A name can refer to one of the system-supplied names. These include ascii, char, digit, end, hex, letter, lower, space, upper as well as the two character Unicode General Categories. The Unicode General Categories are only available in character classes.

A name can refer to a user-defined pattern in a library. This allows the breaking of a complex pattern into simpler subpatterns. It also allows for the recognition of context-free languages.

A name can refer to a user-defined text in a library.

A name matches if the thing it represents matches.

Character class

pattern_class '[' pattern_set ']'

pattern_set "" name optional_pattern_set pattern_text_range optional_pattern_set '/' optional_pattern_set

optional_pattern_set "" space pattern_set

pattern_text_range text_literal pattern_text_extent

pattern_text_extent "" space '-' space pattern_text_range

A character class specification is wrapped in brackets. A set is a sequence of zero or more names or texts, and contains the union of those characters.

[letter digit]   # matches any letter or digit.

Name

A name can refer to one of the built-in character classes, or to a library text, character class, or function.

Literal text

A text contains characters in the class. You can have one big text or lots of little texts.

Range

If there is a -minus sign between two texts, then an inclusive range is made from the last character of the first text thru the first character of the second text.
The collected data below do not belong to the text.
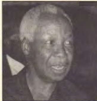
The late Mwalimu

A long memorial verse by his close friend and colleague, Dr Kenneth Kaunda, the former President of Zambia, reminds us all that, “The best way of mourning him is to carry on where he has left.” □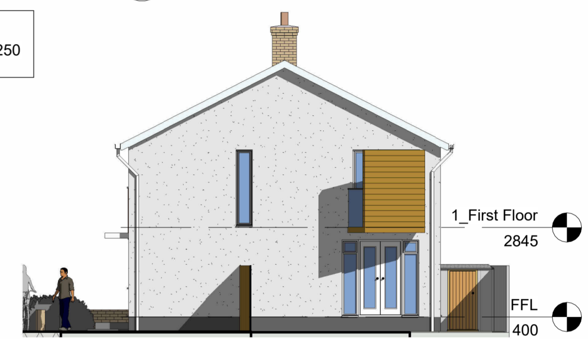
6 SIDE GARAGE 1 : 100

Bicycle Storage 3 off. Each one 1800 x 1200 x 1750h to have double doors and locked. Each to have Sheffield style rack 500 from back wall. External timber to match house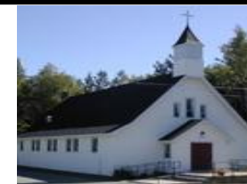
St. Bernardine Church Skead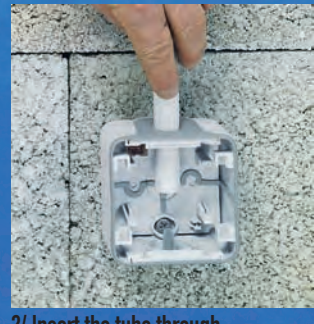
2/ Insert the tube through the end cap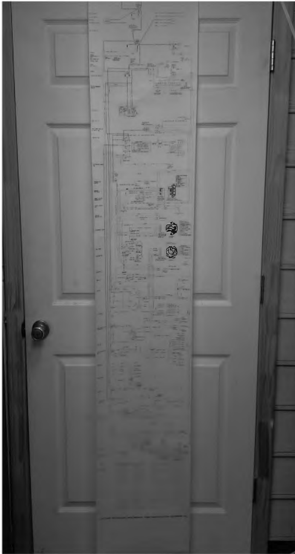
17" wide chassis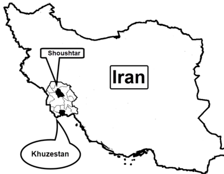
Fig. 1. The area of this research is Shoushtar County (Khuzestan Province) in Iran's southwest 2015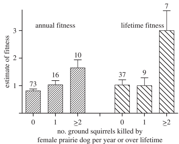
Figure 3. Mean \pm s.e. annual fitness and mean \pm s.e. lifetime fitness for female prairie dogs versus the number of ground squirrels they killed. Both measures of fitness increased significantly with the number of victims ( p \leq 0.001 ; see Results). Number of ground squirrels killed is the number per year for annual fitness and the cumulative number over a female's lifetime for lifetime fitness; see text for definitions of annual and lifetime fitness.

The number of ground squirrels killed by a female was the only significant predictor of annual prairie dog fitness at

["0" - "9"] matches a digit, as does ["0123456789"].

Anticlass

The /slash signals characters to be excluded from the class.

["a" - "z" / "aeiou"]    # matches a lower case consonant.
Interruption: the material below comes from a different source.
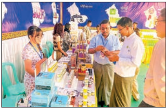
Union-level MSME Expo to promote high-quality domestic and export-ready products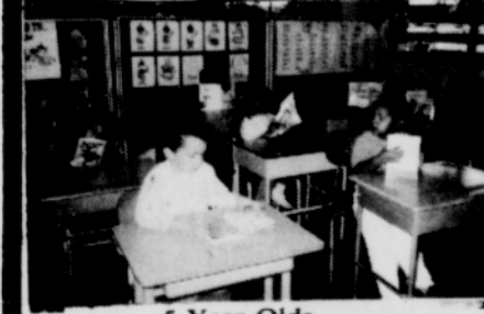
5 Year Olds - Reading First Grade Books

[/ digit]                # matches any character that is not a digit.

A second /slash signals an intersection operation on the current set.
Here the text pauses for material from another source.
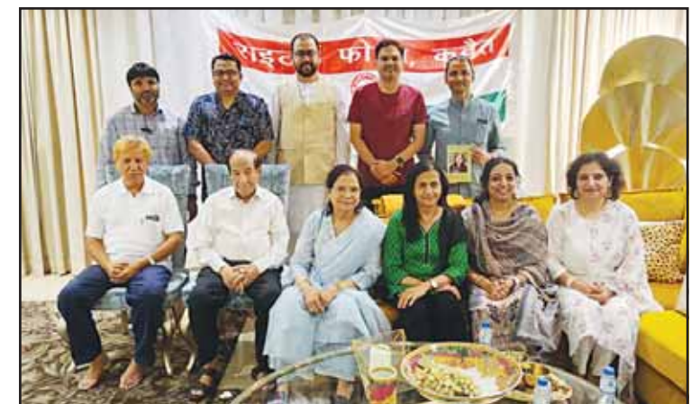
Group photo of the meeting.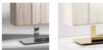
CR Chrome finish

[ascii / / upper]            # matches upper case ASCII letters.

Repetition

Quantifier	Repeats
`-`	`0` or 1 (optional)
`number`	repeat count
`from` `-` `thru`	in the range
`from` `-`	at least

pattern_quantifier "" '-' space number_literal '-' number_literal space number_literal '-' space number_literal space

By default a pattern expression matches exactly once.

item

Any pattern expression can be preceded by a repetition factor. It determines the number of times that the item must match.

5 item

A range can be specified with two numbers separated by -minus. The item will match no fewer than the first number, and no more than the second number.

1-5 item

If the second number is omitted, then there is no limit to how many times the item can be matched.

1- item

An optional item is indicated by a prefix of -minus sign. This indicates that the item may match zero or one times.

- item

If the next to last item in a pattern group is /slash then the last item in the group is matched before every iteration except the first. This is a convenient way to specify a separator.

If an iteration matches emptiness, then the repetition count is satisfied, even if the minimum number of repetitions has not been reached yet.

Saving

pattern_depot "" text_literal ':' space name ':' space

Patterns can be used to extract information from texts. The extract method returns a record containing the saved matching material.

To save material, place a text or a name and a :colon immediately before any pattern expression. All of the text that is matched by that pattern expression will be saved in the result record, using the text or name as the key. If multiple matches are made (because of repetition or multiple uses of the same text), then all of the matches will be saved in an array under the text or name.

Pattern Functions

Patterns can be used with some of the built-in functions.

array(text, pattern)

extract(text, pattern, from, to)

replace(text, pattern, replacement, limit)

search(text, pattern, from)

For example, the array() method can be used to break the contents of a file into an array of lines. If the separator pattern is found in the text, then the subtext before the match is stored in the new array, and the match is repeated on the remainder until no more matches are possible. The remainder of the text is stored in the array and the array is result.

var lines: array(file, ¶ {end})

This will break on linefeed, carriage return, and carriage return linefeed.